Ramprasad Rai (रामप्रसादराई) is one of seven rural municipalities of Bhojpur District of Koshi Province of Nepal. Of the nine municipalities in Bhojpur District, two are urban and seven are rural.

The municipality is situated in south-west area of the district. The municipality got its name after Ram Prasad Rai who was a democratic warrior.

Ramprasadrai has an area of 158.83 km2 and total population of the municipality is 18894 as of Census of Nepal 2011. The municipality is divided into eight wards.

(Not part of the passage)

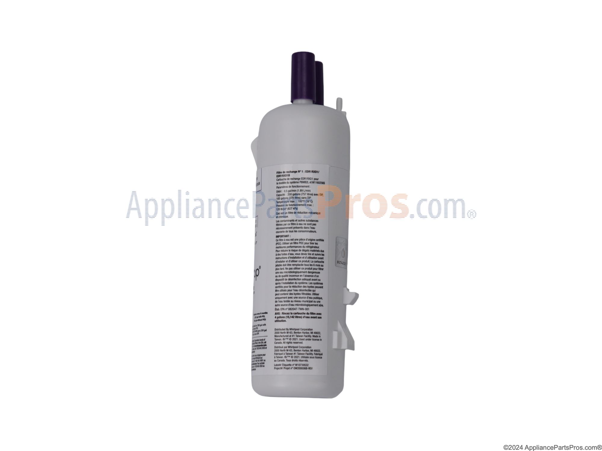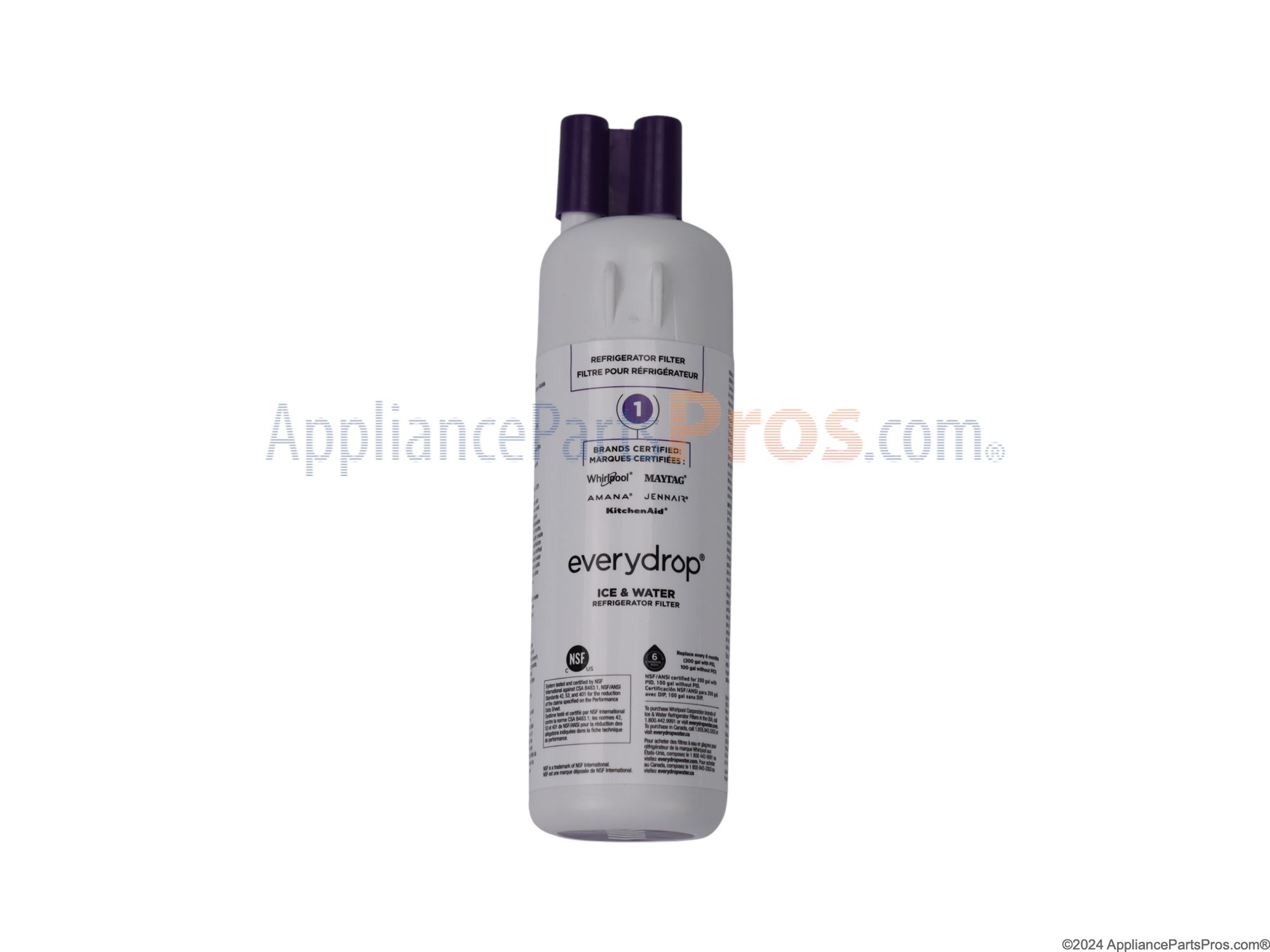 The Whirlpool EveryDrop Ice and Refrigerator Water Filter 1 is an OEM replacement part for Whirlpool refrigerators. This filter works to remove small particles from water to ensure clean, great-tasting ice and drinking water directly from the refrigerator door. Measuring approximately 2.50 x 2.50 x 8.69 inches, this filter is easy to install.

Okhre, Dhodalekhani, Bhulke, Dalgaun, Manebhanjyang, Baikunthe and Basikhola were Incorporated when this new local level body was forming. This new local level body was formed on 10 March 2017, fulfilling the requirement of the new Constitution of Nepal 2015, Ministry of Federal Affairs and Local Development replaced all old VDCs and Municipalities into 753 new local level body (Municipality).